Блок не боится, что «нежнейший цветок искусства» увянет, переходя из тысячи рук в другие тысячи рук: он верит в их бережность. Он опасается другого: чтобы какие-либо самозваные пастухи, футуристы или пролет-культовцы, не сочли искусство плохим пастбищем для людского «стада» и не стали чрезмерно усердно «пропалывать» его разнотравье. «Если искусству не перечить, — пишет Блок, — оно с нравственностью встретится; если же не отставать от пего ни на шаг, твердить художнику на каждом шагу — будь паинькой, то художник начнет бунтовать и выкрикивать свою правду…»

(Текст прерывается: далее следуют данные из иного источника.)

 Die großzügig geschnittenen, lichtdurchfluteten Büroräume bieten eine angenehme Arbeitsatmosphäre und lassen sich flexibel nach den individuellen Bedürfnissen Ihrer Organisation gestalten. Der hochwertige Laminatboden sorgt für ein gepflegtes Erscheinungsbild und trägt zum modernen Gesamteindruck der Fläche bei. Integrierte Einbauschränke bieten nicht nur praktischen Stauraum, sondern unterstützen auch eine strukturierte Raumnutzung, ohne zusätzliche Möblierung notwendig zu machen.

При этом он, разумеется, заботится вовсе не о тех, кто прячется в искусство, как в цитадель, чтобы отсидеться в ней от враждебной, революционной действительности. Недаром он способствует постановке в Большом драматическом театре трагедии итальянца Сем Бенелли «Рваный плащ», где народные певцы восстают против «словесной гимнастики, которой заняты комнатные, прихлопнутые ученой книгой, писатели».

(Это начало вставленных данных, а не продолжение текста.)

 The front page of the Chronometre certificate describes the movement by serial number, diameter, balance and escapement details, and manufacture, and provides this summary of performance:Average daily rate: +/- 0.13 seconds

Блок защищал иную свободу — свободу путей художника в познании мира, свободу его от мелочной опеки, право на выбор необычных, кажущихся консерваторам еретическими и парадоксальными тем, мотивов, художественных средств.
«Мы знаем все, как искусство трудно, знаем, как прихотлива и капризна душа художника, — говорил Блок на юбилее поэта М. Кузмина. — И мы от всего сердца желаем, чтобы создалась наконец среда, где мог бы художник быть капризным и прихотливым, как ему это нужно, где мог бы он оставаться самим собой… Мы знаем, что ему это необходимо для того, чтобы оставить наследие не менее нужное, чем хлеб, тем же людям, которые сегодня назойливо требуют от «мрамора» «пользы» и царапают на мраморе свои сегодняшние слова, а завтра поймут, что «мрамор сей — ведь бог». Подобным последовательным выяснением и отстаиванием специфики искусства вдохновлена и речь, посвященная годовщине смерти Пушкина, «О назначении поэта» (1921).
И знаменательно, что, когда кто-то из присутствовавших сказал поэту о шаге, который тот сделал после «Двенадцати», явно имея в виду шаг в сторону от «Двенадцати», от приятия революции, Блок холодно ответил: «Никакого. Я сейчас думаю так же, как думал, когда писал «Двенадцать». И в другом разговоре повторил: «Двенадцать» —
«…тогда я жил современностью». А потом пришла огромная усталость от «взлета Эвфориона», усугубляемая тысячью грозных или мелких, но зато будничных, неотступных забот.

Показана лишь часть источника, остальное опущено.